Chancery Dismisses Case, Reasons Group Pleading does not Satisfy Elements of Fraudulent Concealment | Morris James LLP

To plead fraudulent concealment under Delaware law, a plaintiff must plead an affirmative act of concealment by a defendant.  This decision from the Court of Chancery demonstrates that group pleading concealment by all defendants will not satisfy this standard.

Here, the plaintiff asserted a claim for fraudulent concealment arising from its purchase of a healthcare technology company.  Specifically, the plaintiff asserted the fraudulent concealment claim against three defendants: the company’s former CEO, an entity the former CEO used as investment vehicle, and the former CEO’s spouse.  The alleged act of concealment was the former CEO paying hush money and hiring a hitman to conceal his past misdeeds in defrauding a similarly situated investor.   The former CEO, who is in prison for the murder-for-hire, did not respond to the Complaint.  The remaining defendants appeared and moved to dismiss the fraudulent concealment claim, as to them.  

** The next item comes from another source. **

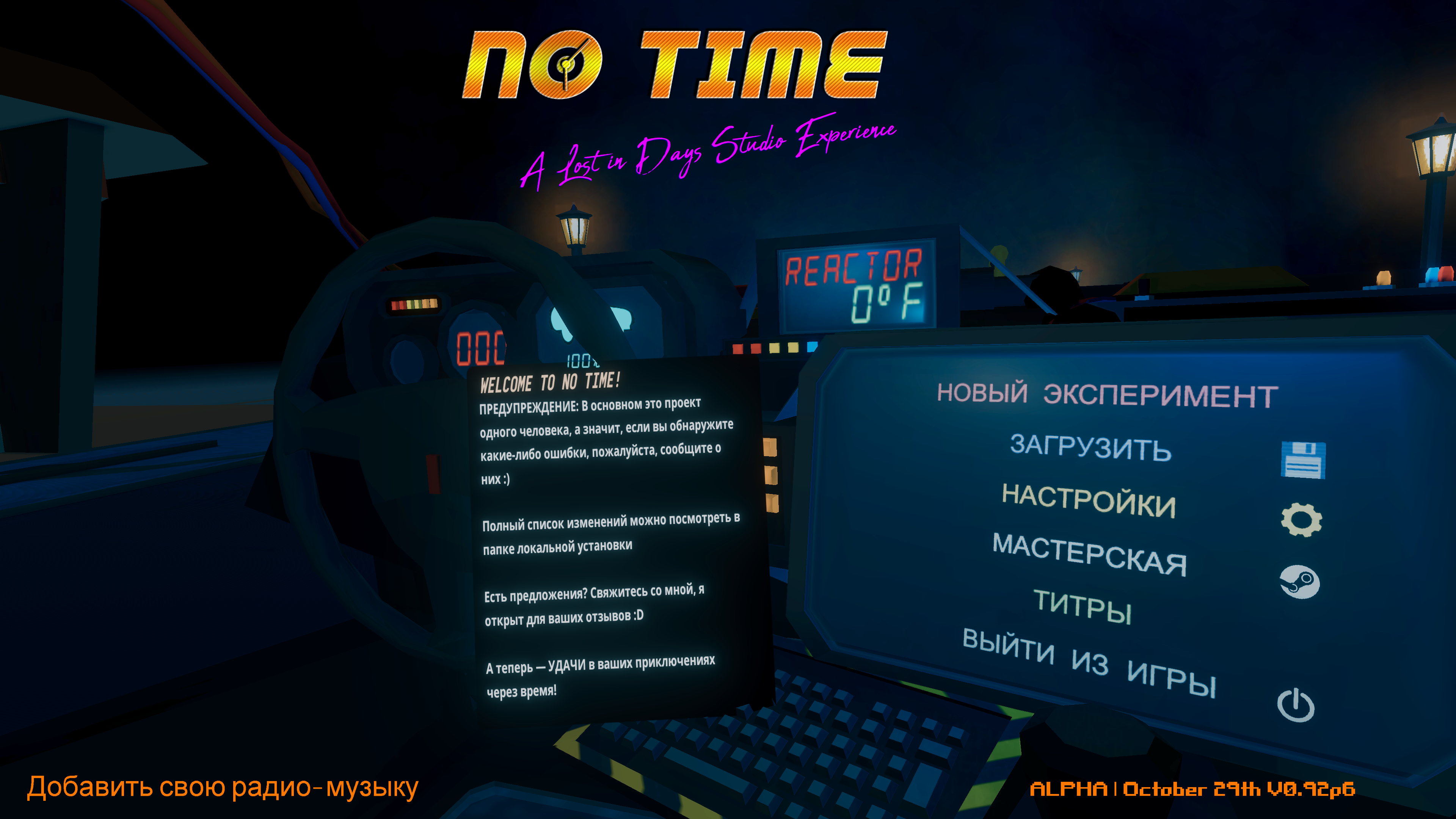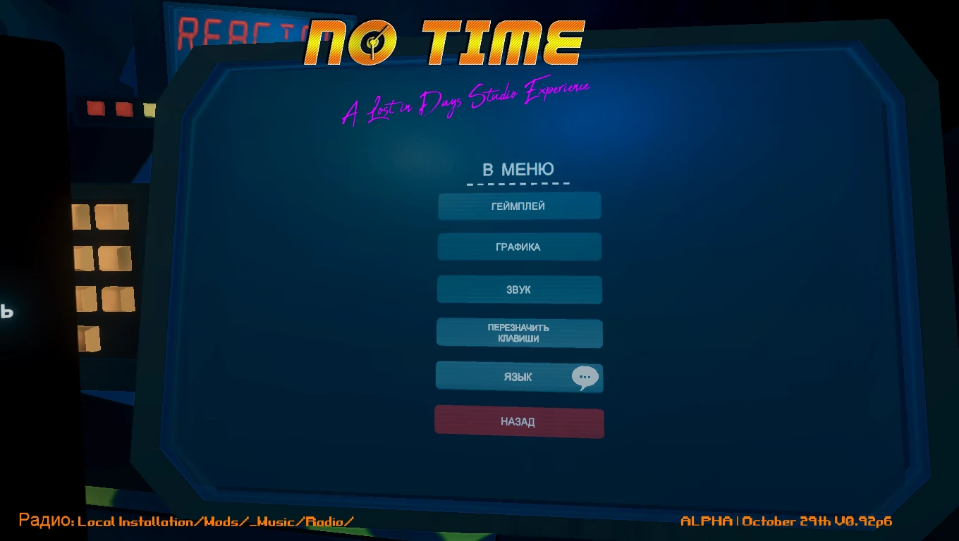 Это комплексный русификатор для игры No Time (актуален для версии игры 0.98 и выше). Модификация обеспечивает полный перевод всего текста игры, включая диалоги (в том числе случайные реплики), содержимое книг, газет и весь интерфейс.

They argued that the plaintiff failed to allege any specific act of concealment by the spouse or investment vehicle.  Rather, according to the remaining defendants, the concealment allegations all centered on acts taken by the former CEO: paying hush money and hiring a hitman to murder the similarly situated investor who could have revealed the prior misdeeds.  The Court found that plaintiff had engaged in impermissible group pleading, ascribing the alleged acts of concealment to all defendants without delineating the specific acts undertaken by the spouse or investment vehicle.  Accordingly, the Court dismissed the claims against the spouse and investment vehicle.